Exhibit 99.1
NEWS RELEASE
UROPLASTY REPORTS CONTINUED PROGRESS DURING SECOND
QUARTER OF FISCAL 2009
QUARTER OF FISCAL 2009
- Second Fiscal Quarter Net Sales of $3.9 Million; 29% Increase Year-Over-Year -
- Second Fiscal Quarter U.S. Sales of $2.2 Million; 83% Increase Year-Over-Year -
- Multicenter Clinical Study Launched to Expand Reimbursement, Support Marketing-
- Conference Call to be Held Today at 3:30 pm Central Time -
MINNEAPOLIS, MN, October 29, 2008- Uroplasty, Inc. (AMEX: UPI), a medical device company that develops, manufactures and markets innovative proprietary products to treat voiding dysfunctions, today reported financial results for the second quarter of fiscal 2009 ended September 30, 2008. Net sales for the second quarter of fiscal 2009 were $3.9 million, up 29% from $3.0 million in the second quarter of fiscal 2008. U.S. sales were $2.2 million, an increase of 83% from $1.2 million in the second quarter of fiscal 2008.

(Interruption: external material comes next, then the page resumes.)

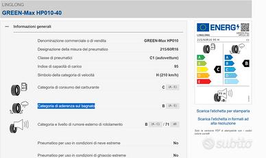 Vendesi nr. 1 treno penumatici estivi Linglong GREEN - Max HP 010 215/60 R16 - 95 H, per errato acquisto. Categoria di consumo del carburante: C Classe su bagnato: B

“During our second fiscal quarter, our team continued to execute our strategies and we generated solid growth,” said David Kaysen, President and CEO. “In the U.S., support for the Urgent PC® system is continuing to build after the release of the initial results of the OrBIT study in May which demonstrated Urgent PC’s efficacy to be comparable to the number-one prescribed pharmaceutical for overactive bladder. In addition, we continued to make progress in building sales of Macroplastique®, which we introduced in the U.S. market in mid-2007,” added Mr. Kaysen.
The Urgent PC system is the only FDA-approved minimally invasive nerve stimulation device designed for office-based treatment of urinary frequency, urinary urgency and urge incontinence — symptoms often associated with overactive bladder. The system is an office-based, nonsurgical, percutaneous tibial nerve stimulation (PTNS) device that treats these symptoms. Macroplastique is an injectable urethral bulking agent for the treatment of adult-female stress-urinary incontinence primarily due to intrinsic sphincter deficiency.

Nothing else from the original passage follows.